Deformation, however, responded to the lecithin in a different way than it did to the breaking force (Figure 2b). The surimi gel exhibited enhanced deformation (~3%) at a lecithin level of 0.1 g/100 g, the highest value (11.56 mm) (p < 0.05). Nonetheless, lecithin significantly decreased the surimi gel’s deformation at higher concentrations (0.5–1.5 g/100 g) (p < 0.05), and the gel containing lecithin at 1.5 g/100 g showed significantly decreased deformation (~20% decrease).
It has been suggested that lecithin may bind water strongly at low concentrations without impairing gel formation. Nevertheless, lecithin could interact with water at high concentrations and impair the interaction between proteins. As a result, when a high content of lecithin was utilized, the breaking force and deformation greatly decreased. The results matched the impact of other conventional oils on the surimi gel’s textural characteristics. According to Benjakul et al. [28], the breaking force of mixed surimi gel, which contains both bigeye snapper and mackerel, reduced as the amount of soybean oil increased. As the virgin coconut oil (VCO) level increased, the breaking force and deformation of the croaker surimi gel reduced [29]. Consequently, to obtain the appropriate gel strength, attention should be paid to the lecithin content.

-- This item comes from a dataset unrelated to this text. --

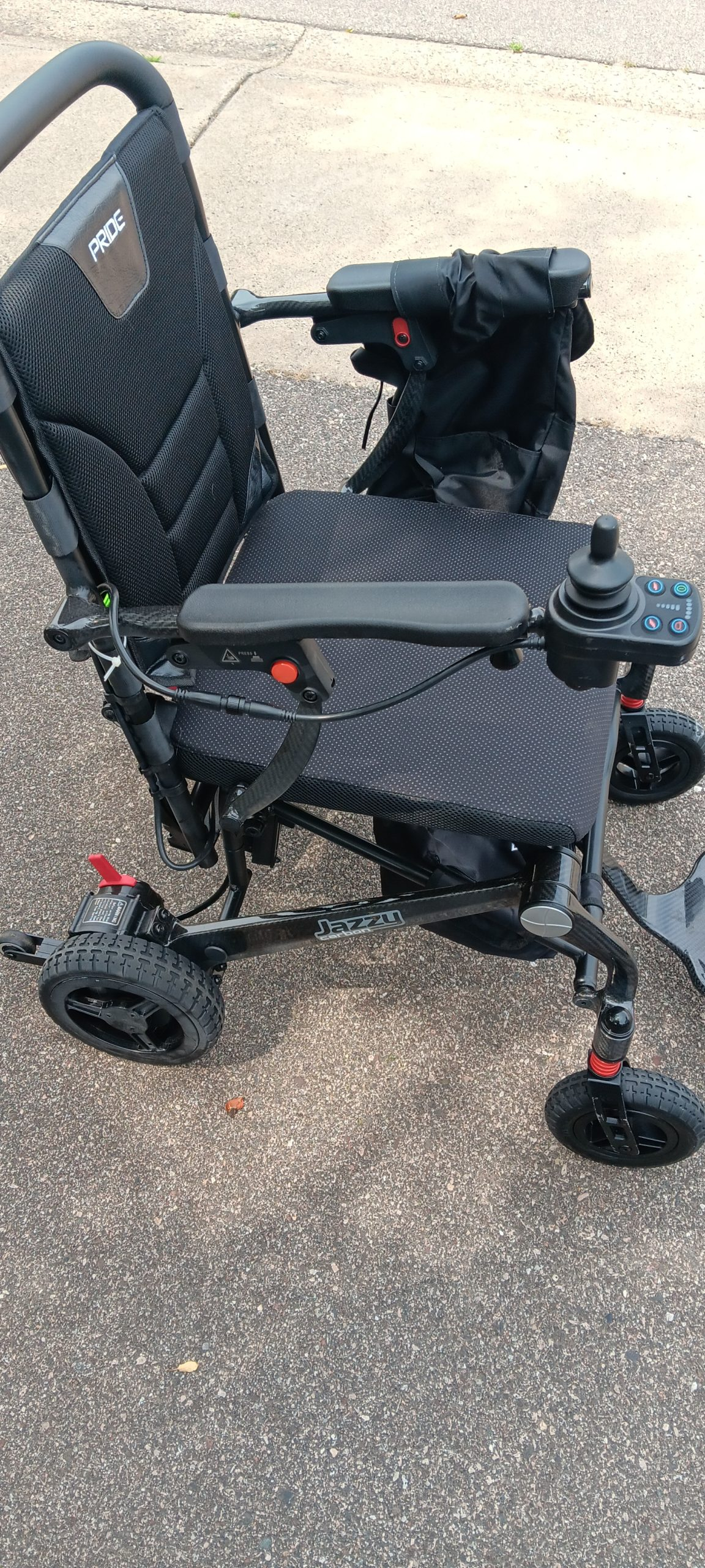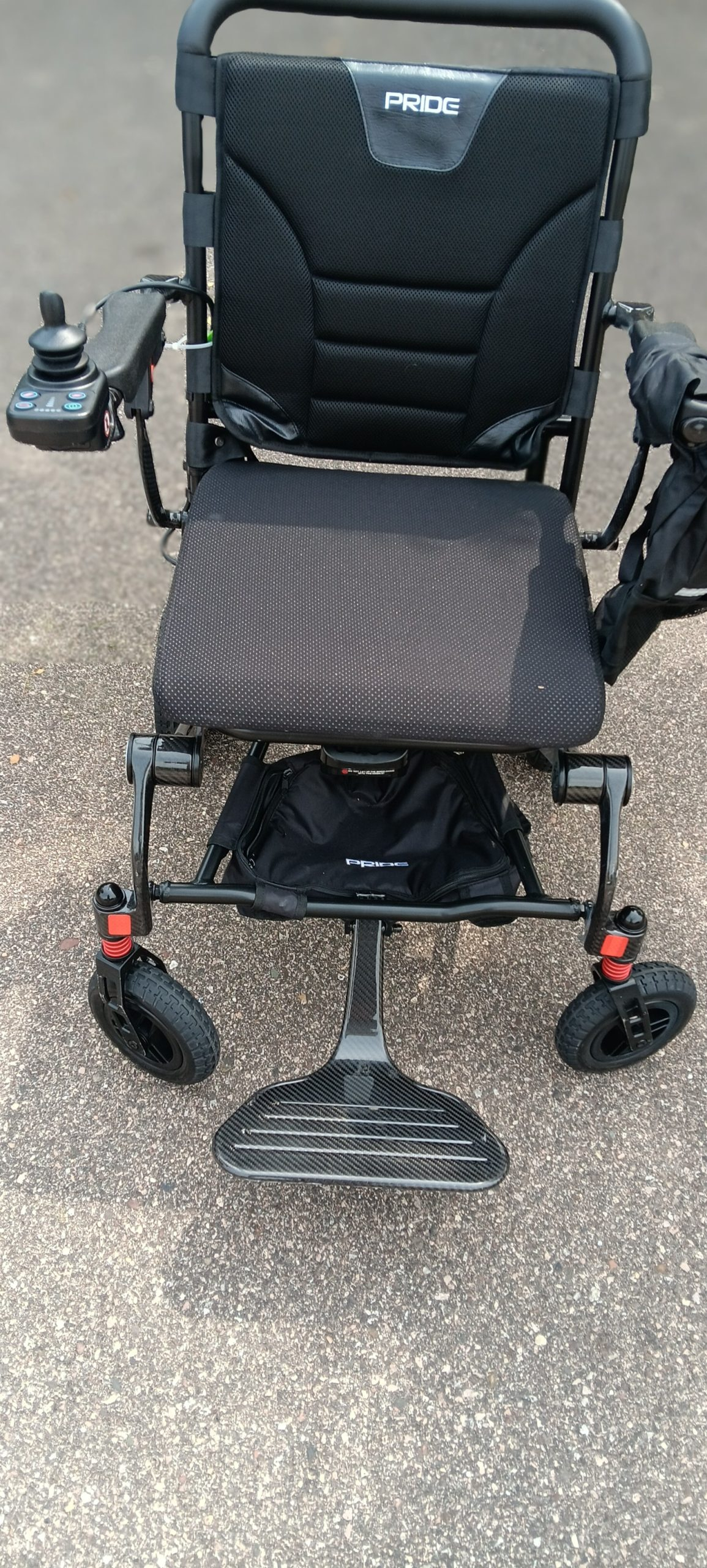 Condition of the chair is as new, and it's complete with a charger. The chair was $2500 new. Chair has no damage or repairs. If paying with a check, I will need to cash it before shipping. The chair was purchased for my late partner. She was a lady of about 140 lbs, and the chair was used infrequently for travel it works well for airports as it can be driven to a jet way and surrendered for storage with luggage at the jet enterance. It's lighter, about 40 lbs. Here are the specs.

3.2.2. Expressible Drip and Whiteness
Figure 3a depicts the impact of lecithin inclusion on the expressible drip of single-washed mackerel surimi gel. Gel with a lower expressible moisture exhibited a higher WHC in general [30]. Surimi with lecithin at 0.1 g/100 g showed the lowest expressible drip (p < 0.05). In general, lecithin at 0.1–1 g/100 g reduced expressible drip (p < 0.05), but not at 1.5 g/100 g, which was equal to the control (p > 0.05). Panpipat et al. [18] demonstrated that the expressible drip of threadfin bream surimi decreased with increasing lecithin content up to 1 g/100 g, but then increased at 2–3 g/100 g.
The finding was substantiated by breaking force and deformation results (Figure 2a,b), which showed that lecithin at 1.5 g/100 g had a negative influence on gel strength and deformability. Amphiphilic lecithin could bind with both hydrophilic and hydrophobic structures in the gel. As a result, lecithin at low concentrations (0.1 g/100 g) may bond thoroughly to water, preventing water release and improving WHC. However, at high concentrations (i.e., 1.5 g/100 g), lecithin may form a multilayer water framework that could be simply squeezed out, as some studies have proposed. The gel network is unable to physically entrap loosely bound layered water, causing water release [18]. Water may be retained in the gel at a suitable lecithin content because lecithin can bind water through the polar portion [19]. Chemical as well as physical trapping can raise the gel’s WHC [18].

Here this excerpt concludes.